Brief: Each line below is to be repeated exactly; any picture is to be left out.

The data:
────────

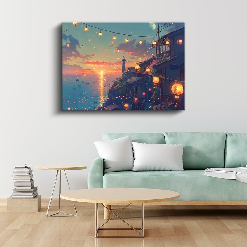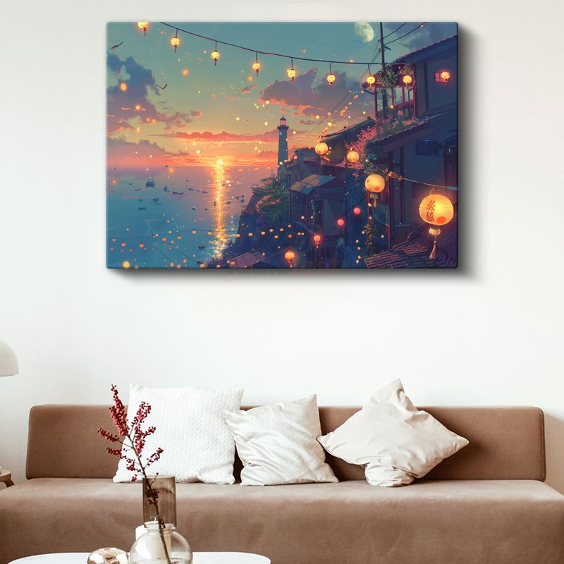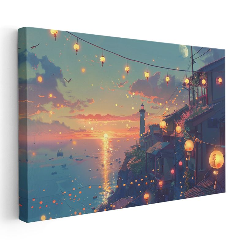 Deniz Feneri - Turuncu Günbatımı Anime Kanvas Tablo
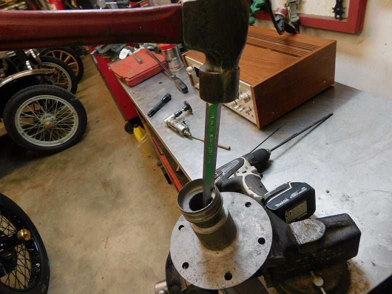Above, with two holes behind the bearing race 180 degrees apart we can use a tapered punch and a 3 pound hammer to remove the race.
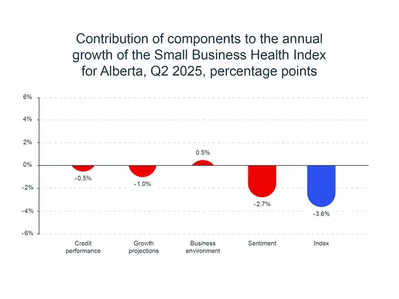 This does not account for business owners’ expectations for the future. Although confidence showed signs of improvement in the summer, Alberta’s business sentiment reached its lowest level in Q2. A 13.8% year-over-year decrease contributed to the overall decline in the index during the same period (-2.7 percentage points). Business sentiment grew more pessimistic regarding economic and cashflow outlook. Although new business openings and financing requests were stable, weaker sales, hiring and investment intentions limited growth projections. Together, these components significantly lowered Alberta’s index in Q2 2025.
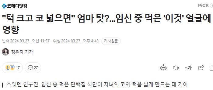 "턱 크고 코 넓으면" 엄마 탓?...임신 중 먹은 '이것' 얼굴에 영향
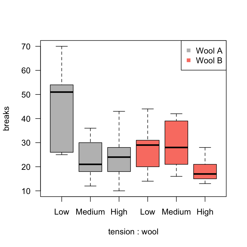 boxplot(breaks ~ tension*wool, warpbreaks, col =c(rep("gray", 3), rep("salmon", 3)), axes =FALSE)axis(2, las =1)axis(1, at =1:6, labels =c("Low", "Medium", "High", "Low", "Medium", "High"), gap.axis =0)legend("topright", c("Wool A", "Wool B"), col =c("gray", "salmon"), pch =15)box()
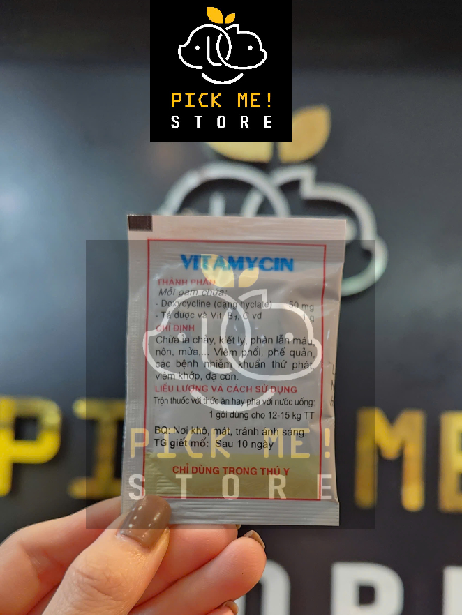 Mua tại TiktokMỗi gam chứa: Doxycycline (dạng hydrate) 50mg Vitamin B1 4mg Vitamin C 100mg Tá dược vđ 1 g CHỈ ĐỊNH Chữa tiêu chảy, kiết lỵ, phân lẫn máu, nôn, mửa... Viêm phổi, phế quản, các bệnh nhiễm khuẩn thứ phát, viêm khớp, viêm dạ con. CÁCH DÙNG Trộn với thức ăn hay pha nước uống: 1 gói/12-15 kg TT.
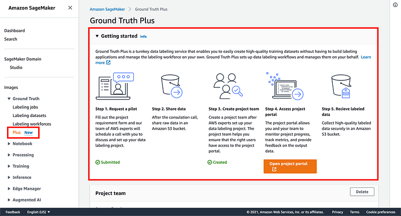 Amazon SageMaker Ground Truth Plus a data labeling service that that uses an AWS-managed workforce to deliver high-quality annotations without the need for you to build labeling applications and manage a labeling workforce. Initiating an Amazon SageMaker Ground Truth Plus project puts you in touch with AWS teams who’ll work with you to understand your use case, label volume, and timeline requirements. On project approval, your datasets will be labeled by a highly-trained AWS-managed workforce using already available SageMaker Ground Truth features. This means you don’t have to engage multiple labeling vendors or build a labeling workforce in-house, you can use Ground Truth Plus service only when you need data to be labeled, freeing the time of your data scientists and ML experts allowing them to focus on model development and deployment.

────────

Output:
 Deniz Feneri - Turuncu Günbatımı Anime Kanvas Tablo
Above, with two holes behind the bearing race 180 degrees apart we can use a tapered punch and a 3 pound hammer to remove the race.
 This does not account for business owners’ expectations for the future. Although confidence showed signs of improvement in the summer, Alberta’s business sentiment reached its lowest level in Q2. A 13.8% year-over-year decrease contributed to the overall decline in the index during the same period (-2.7 percentage points). Business sentiment grew more pessimistic regarding economic and cashflow outlook. Although new business openings and financing requests were stable, weaker sales, hiring and investment intentions limited growth projections. Together, these components significantly lowered Alberta’s index in Q2 2025.
 "턱 크고 코 넓으면" 엄마 탓?...임신 중 먹은 '이것' 얼굴에 영향
 boxplot(breaks ~ tension*wool, warpbreaks, col =c(rep("gray", 3), rep("salmon", 3)), axes =FALSE)axis(2, las =1)axis(1, at =1:6, labels =c("Low", "Medium", "High", "Low", "Medium", "High"), gap.axis =0)legend("topright", c("Wool A", "Wool B"), col =c("gray", "salmon"), pch =15)box()
 Mua tại TiktokMỗi gam chứa: Doxycycline (dạng hydrate) 50mg Vitamin B1 4mg Vitamin C 100mg Tá dược vđ 1 g CHỈ ĐỊNH Chữa tiêu chảy, kiết lỵ, phân lẫn máu, nôn, mửa... Viêm phổi, phế quản, các bệnh nhiễm khuẩn thứ phát, viêm khớp, viêm dạ con. CÁCH DÙNG Trộn với thức ăn hay pha nước uống: 1 gói/12-15 kg TT.
 Amazon SageMaker Ground Truth Plus a data labeling service that that uses an AWS-managed workforce to deliver high-quality annotations without the need for you to build labeling applications and manage a labeling workforce. Initiating an Amazon SageMaker Ground Truth Plus project puts you in touch with AWS teams who’ll work with you to understand your use case, label volume, and timeline requirements. On project approval, your datasets will be labeled by a highly-trained AWS-managed workforce using already available SageMaker Ground Truth features. This means you don’t have to engage multiple labeling vendors or build a labeling workforce in-house, you can use Ground Truth Plus service only when you need data to be labeled, freeing the time of your data scientists and ML experts allowing them to focus on model development and deployment.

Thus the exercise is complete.